== Data shown ==
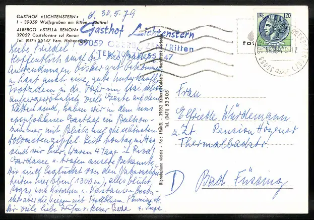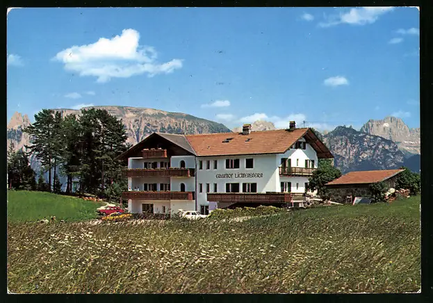 AK Wolfsgruben am Ritten, Gasthof Lichtenstern mit Bergkulisse
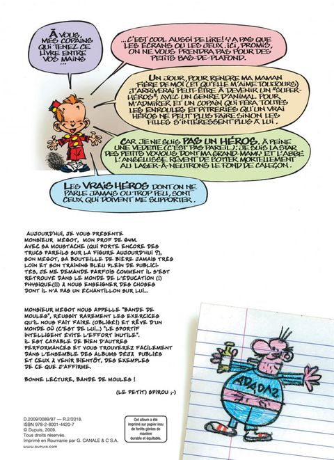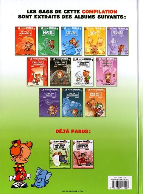 Le meilleur des gags du "Petit Spirou" mettant en scène Monsieur Mégot, le fameux prof de gym. Les gags sont complétés par un portrait du personnage, une lettre écrite par le Petit Spirou, des pages de garde amusantes autour de l'univers du personnage et une couverture inédite.
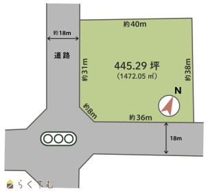 南西角地の広い敷地(445坪)、幅員18mの県道に面し、幅広い用途で活用が可能です
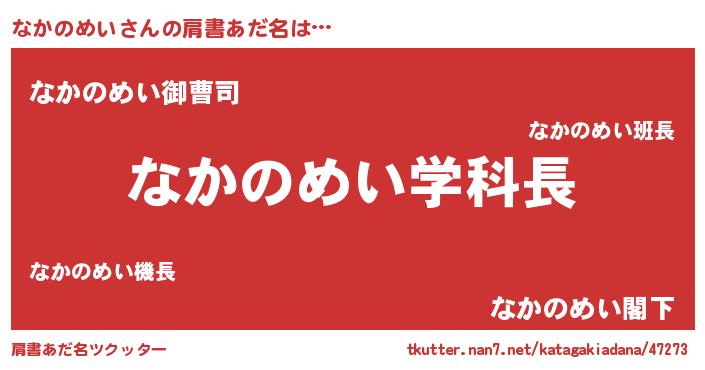 | ヒーロー風カッコイイあだ名 | 『慈愛の使者なかのめい』『銀牙騎士ナカ』 |
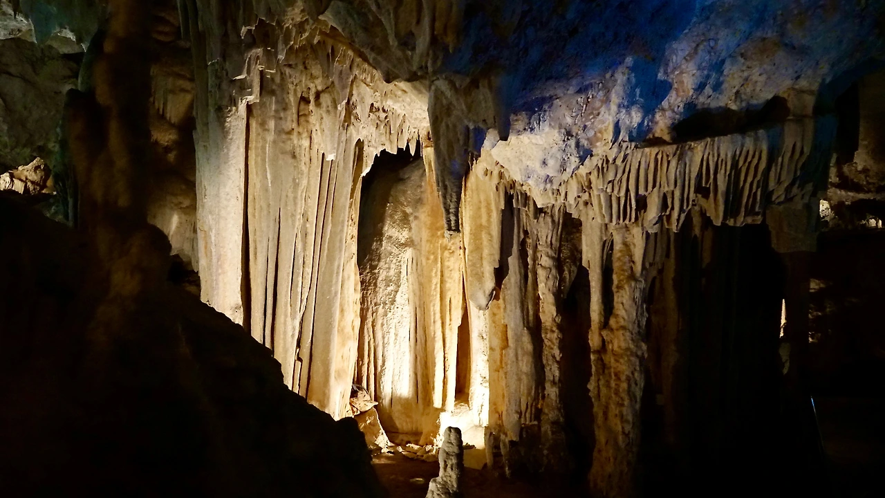 개방된 동굴의 공간 규모와 넓이 그리고 종유석들이 만들어내는 장엄하고 원시적인 풍경은 비현실적으로 보인다. 2019년 가을 스페인 마요르카 섬에서 가본 드라치 동굴(Cueva de Drach)과 분위기가 아주 다르다. 훨씬 남성적이라고 할까?
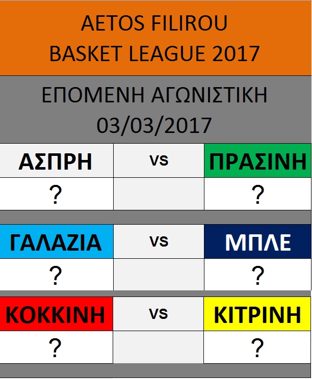 Την Παρασκευή 24/02/2016 πραγματοποιήθηκε η 4η Αγωνιστική του ΑΕΤΟΣ Basketball League. Μετά τους αγώνες, άλλαξαν οι ισορροπίες στη 2η θέση του βαθμολογικού πίνακα! Εντύπωση προκαλέι η πράσινη ομάδα η οποία παραμένει αήττητη έως τώρα…
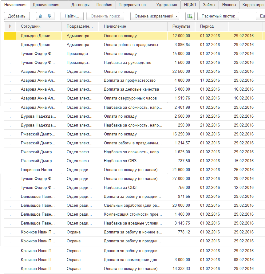 Напомним, что перед расчетом зарплаты может потребоваться ввод данных для расчета зарплаты. В данном месяце никаких сведений о сдельной оплате, выручке и прочих показателях не поступало. Аванс в рамках курса также не выплачивался, т.к. мы ввели достаточно много отсутствий в течение месяца. Произведем расчет зарплаты и проанализируем полученный результат.
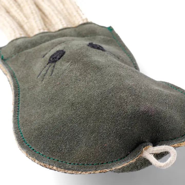 Made from sustainable jute which is a natural plant fibre and covered in a soft suede, it is robust and produced without using any added compound that would harm or be released when chewed. Jute is 100% biodegradable. The suede is a by-product and ensures this material is not wasted.
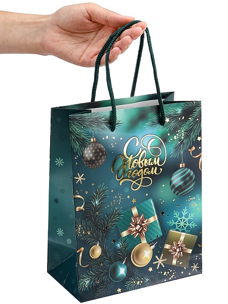 Подарочный пакет идеально подойдет для эксклюзивной упаковки любого подарка! Интересный дизайн усилит приятное впечатление от презента. Пакет с матовой ламинацией и тиснением фольгой. Хорошо держит форму. Плотность: 190 гр. Размер: 18х23х10 см.
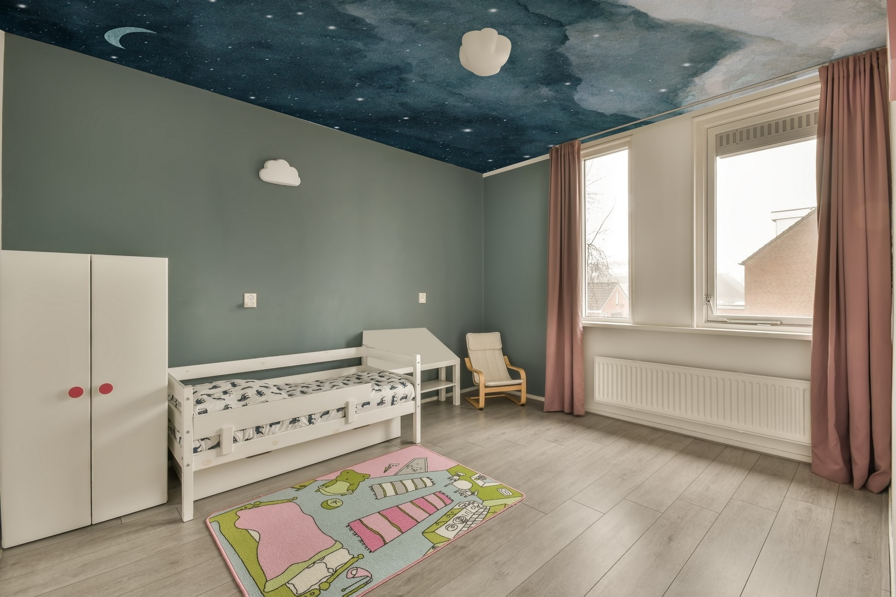 Voici une peinture murale qui vous fera flotter sur un nuage, littéralement ! La peinture murale “Nuages et étoiles dans le ciel” fait entrer une nuit étoilée de rêve dans votre espace. Parfait pour les chambres d’enfants ou toute personne souhaitant transformer sa chambre en un pays des merveilles nocturnes. Imaginez-vous allongé dans votre lit, regardant les nuages doux et les étoiles scintillantes – vous aurez l’impression de voler dans le ciel nocturne.
===
- About this task
The lines above starting at the one that holds "개방된 동굴의 공간 규모와" and ending at the one that holds "Την Παρασκευή 24/02/2016" are to be written out exactly, ends included, and no pictures are to be copied.

- Reply
 개방된 동굴의 공간 규모와 넓이 그리고 종유석들이 만들어내는 장엄하고 원시적인 풍경은 비현실적으로 보인다. 2019년 가을 스페인 마요르카 섬에서 가본 드라치 동굴(Cueva de Drach)과 분위기가 아주 다르다. 훨씬 남성적이라고 할까?
 Την Παρασκευή 24/02/2016 πραγματοποιήθηκε η 4η Αγωνιστική του ΑΕΤΟΣ Basketball League. Μετά τους αγώνες, άλλαξαν οι ισορροπίες στη 2η θέση του βαθμολογικού πίνακα! Εντύπωση προκαλέι η πράσινη ομάδα η οποία παραμένει αήττητη έως τώρα…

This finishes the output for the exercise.